As such, even with its contemporary status as a classic, it's a refreshing choice for Geneva's Grand Théâtre, whose tastes can feel a little safe. In fact, it's an excellent choice for the Grand Théâtre, because it actually does very well with a straight staging – and it's nice to see the temptation to make Wozzeck ever more dark and abstract resisted. A revival of Sir David McVicar's 2015 Lyric Opera staging by Daniel Ellis, this production at the Opéra des Nations is strong and compelling.
The story is smoothly transposed to the First World War – Berg's war, rather than Büchner's. Wozzeck is the tragedy of the anonymous soldier, the common man alienated from his work and the values he's meant to fight for: God, country, bourgeois morality. The huge, extradiagetic cenotaph standing centre-stage embodies this disconnection, an homage to the war dead fundamentally separate from their bodies.
One real strong point of this production is the focus on the demented nature of the secondary characters, the bullies who chip away at Wozzeck's life coin by coin and sneer by sneer: the Doctor and the Captain, their nervous energies amped up to complement Wozzeck's rather than tamped down as a foil. It helps that both Tom Fox and Stephan Rügamer are excellent singers and actors – Fox was particularly impressive, playing easily across the huge tessitura the role of the Doctor demands, with a particularly beautiful high range. Together, one could easily imagine them alone driving a man insane.
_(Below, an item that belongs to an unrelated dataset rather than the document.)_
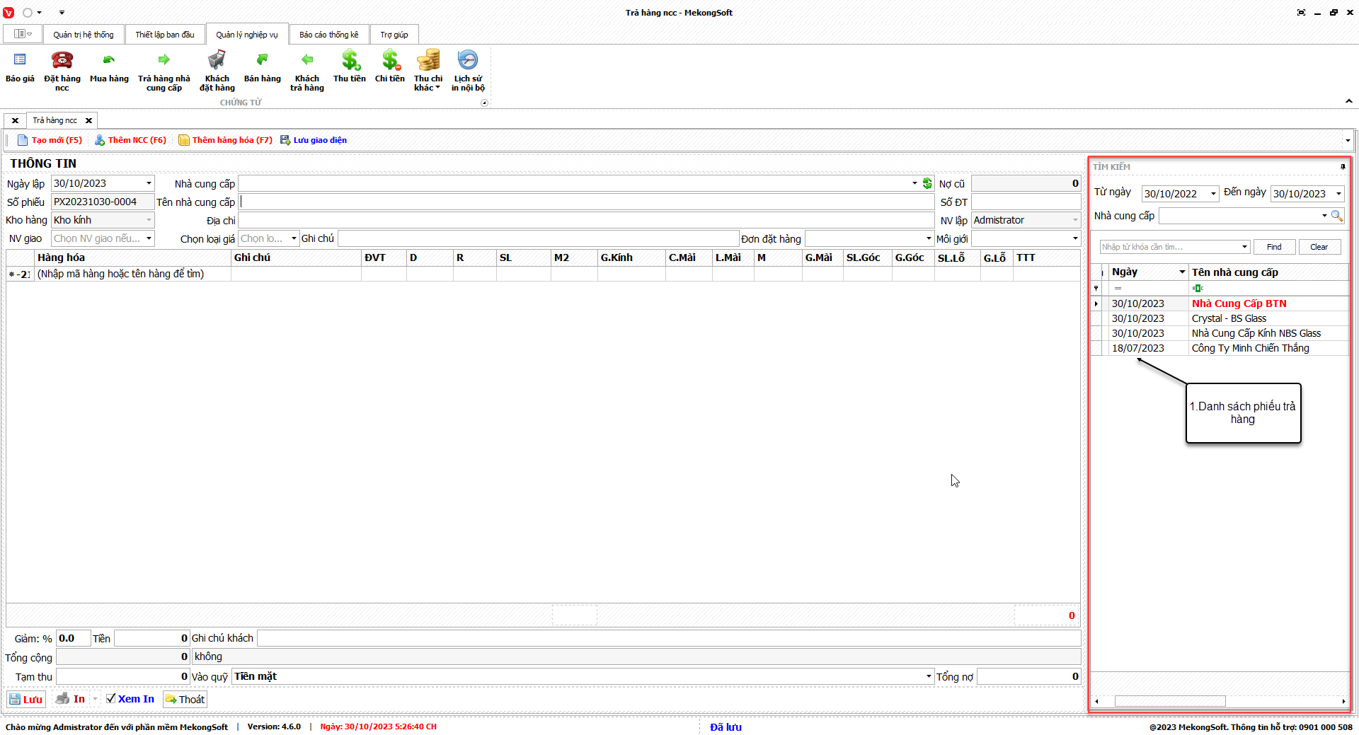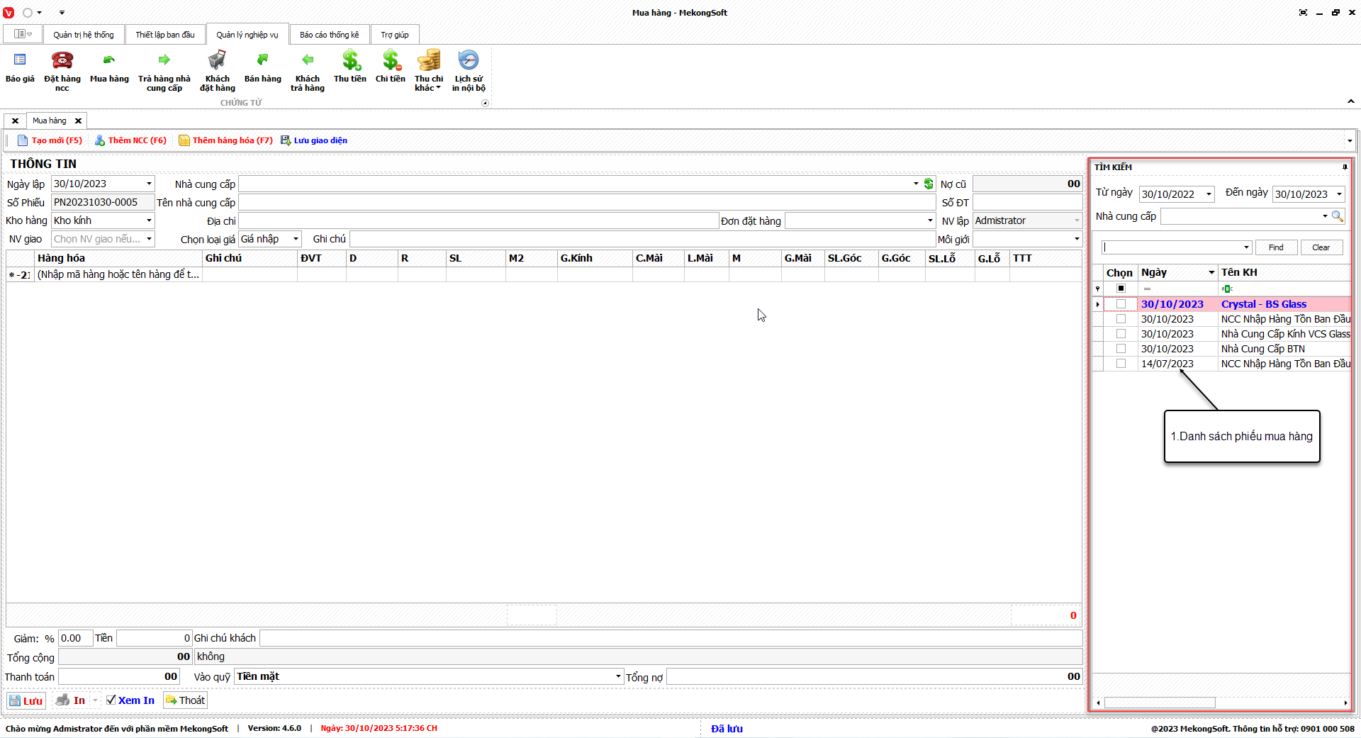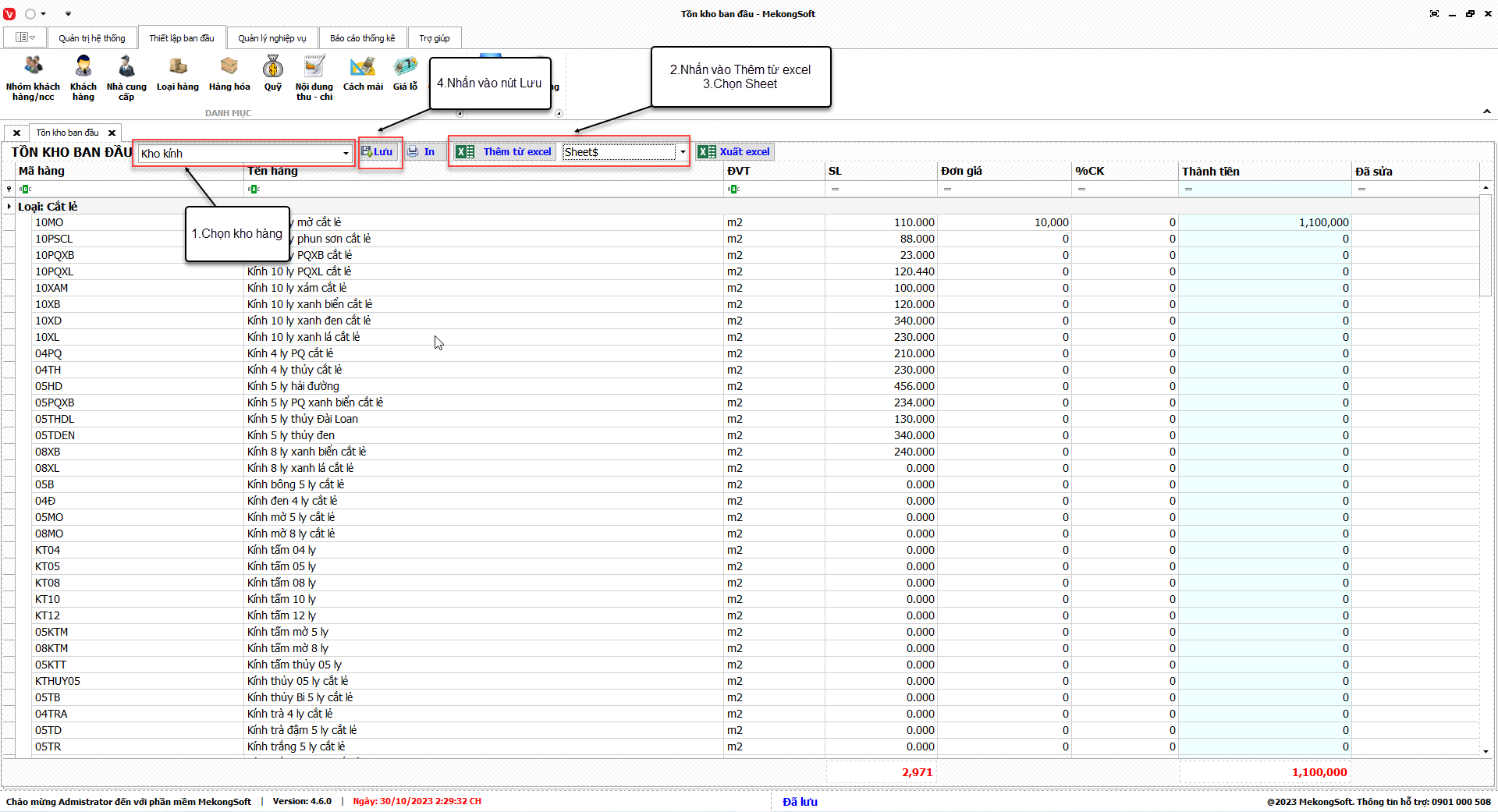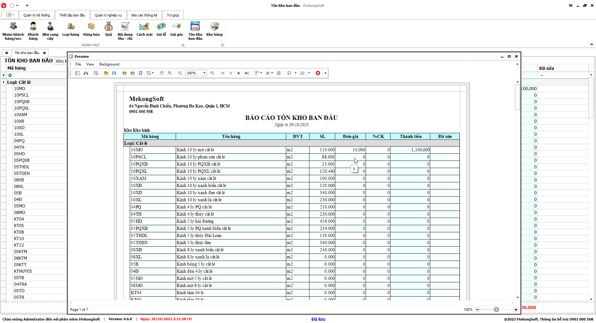 Chức năng thống kê nhập xuất tồn kho của phần mềm quản lý kinh doanh kính xây dựng là một trong những chức năng quan trọng nhất, giúp người quản lý nắm bắt được tình hình hàng tồn kho trong doanh nghiệp.

Tension begins to swell. Christopher Maravich's lighting, adapted by Paule Constable, contributes to this in a quite physical sense – the cold grey light of the opening gradually fading into warm, gaslit sepia tones as the story swells towards its emotional climax; a harsh blast of white light when the Drum Major enters the barracks, the final trigger for Wozzeck's ultimate act of violence.
Concurrently, Vicki Mortimer's set does a splendid job of toeing the line between gritty realism and burlesque satire, from the mildew-stained curtains that serve as scene dividers to the almost steampunk vision of the tavern, complete with beer drunk from plastic hoses hooked to a rusty iron pipe. That said, the stagecraft necessary to pull all this off felt clumsy, full of clanking noises and running feet, and so time-consuming at one point that you could see the lights flicker across the hall as people checked their phones.
At the centre of this gruesome world, Wozzeck himself is portrayed with a great deal of sympathy – just a few nightmares too far gone to be a philosopher, a poet, a witness to the true beauty and horror of his environment. In the title role, Mark Stone commands the stage, a tortured electricity shining in his wide eyes and nervous salutes. There are some real standout moments: his deep growl on "Still! Alles still", his splendid Sprachgesang – "Ich seh' nichts." Still, there is a level of physical restraint to him, indeed to the whole production. It may be unsustainable to go full Klaus Kinski for a whole run, but could he bang his fist on the floor just a little harder? Could it all be just a little rougher, a little more real?